Vaxevanis, the publisher of Hot Doc magazine,could be in court again as early as next month.
The public prosecutor claims to have found "legal faults" in the original verdict passed on 1 November.
"This is an unprecedented decision that drags the country through the mud, muzzles the press and serves [vested] interests," Vaxevanis said in a statement to the AFP news agency.
The 46-year-old journalist will now be tried by a panel of three judges, the source said on condition of anonymity.
A single judge presided over the first hearing.
Vaxevanis faces a maximum three-year prison sentence for publishing a document containing the names over 2,000 Greek HSBC account-holders in Switzerland.
The list was originally leaked by an HSBC employee and passed to Greece in 2010 by France's then-finance minister Christine Lagarde, who now heads the International Monetary Fund.
The list enabled authorities in France, Spain and Britain to recuperate millions of euros in lost tax revenue but Greek authorities treated it as stolen data and failed to pursue the case.

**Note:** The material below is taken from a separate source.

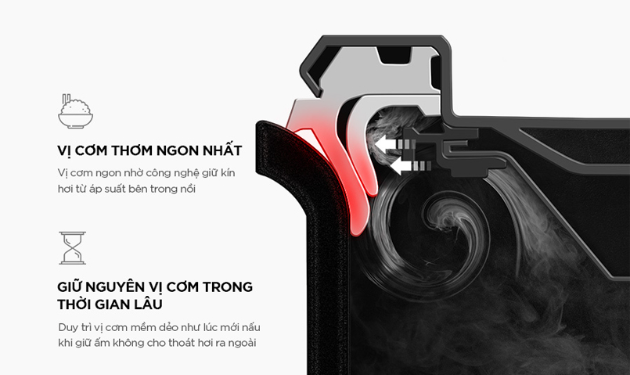 Trang bị van áp suất Double Soft Steam Cap trên nồi cơm điện đảm bảo giữ áp suất trong nồi ổn định trong suốt quá trình nấu. Khi khóa van áp suất, môi trường trong nồi gần như môi trường chân không, giúp bảo quản cơm, thức ăn thời gian lâu hỏng hơn so với nhiều chiếc nồi cơm điện khác trên thị trường hiện nay.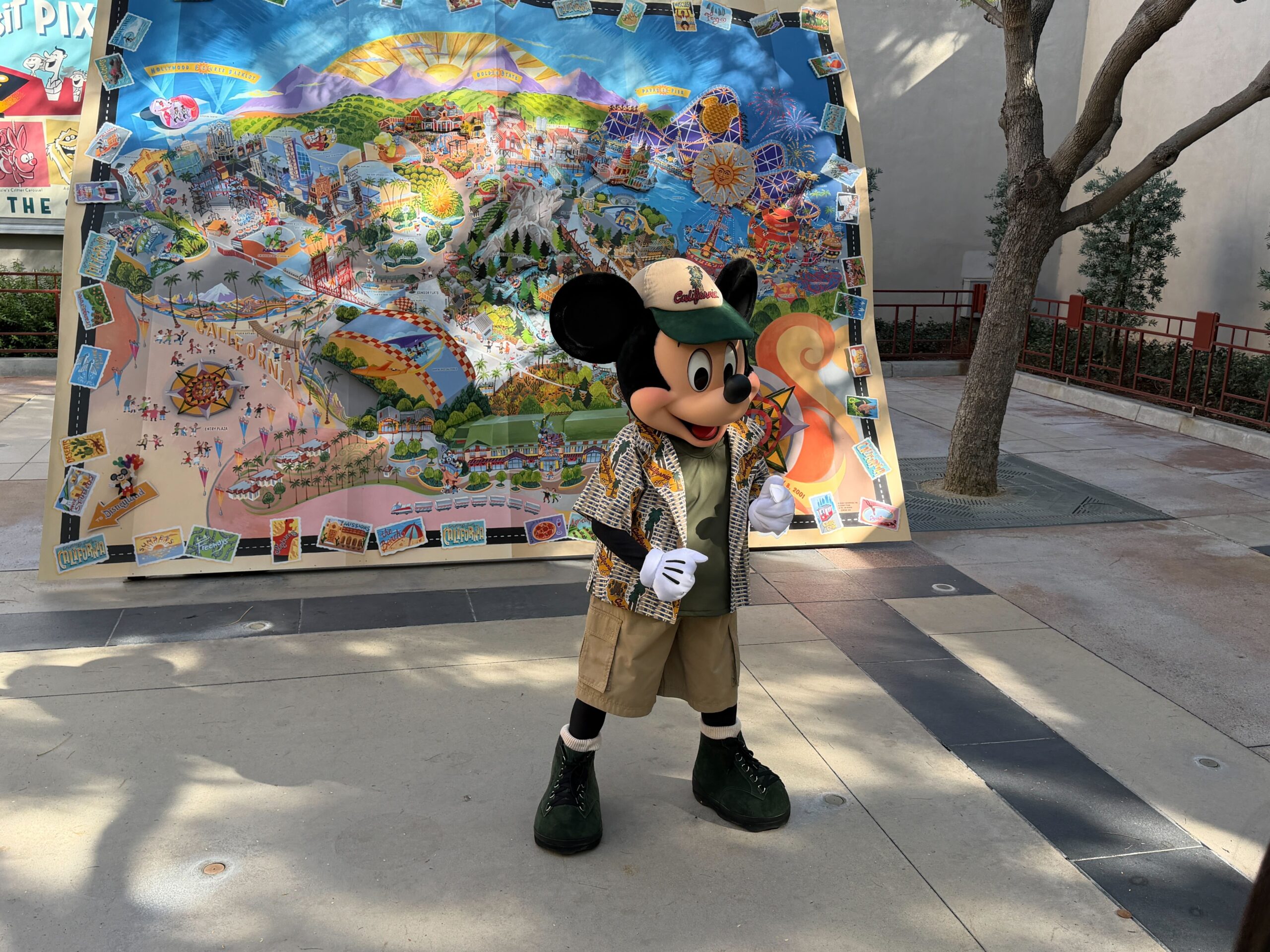 In front of the Disney California Adventure map, guests can take their photo with Mickey Mouse. He is wearing a green t-shirt, cargo shorts, and black shoes. His shirt and hat are decorated with palm trees and the outline of the state of California.

None of the people named by Vaxevanis have pressed charges against him and his first trial caused widespread indignation.
The affair has resurfaced amid British press reports over another list of some 8,500 people with accounts at the HSBC branch of the Channel Island tax haven of Jersey.
Greek Finance Minister Yannis Stournaras on Thursday wrote to his British counterpart George Osborne to request information on the list, which reportedly includes nearly 100 Greek account-holders.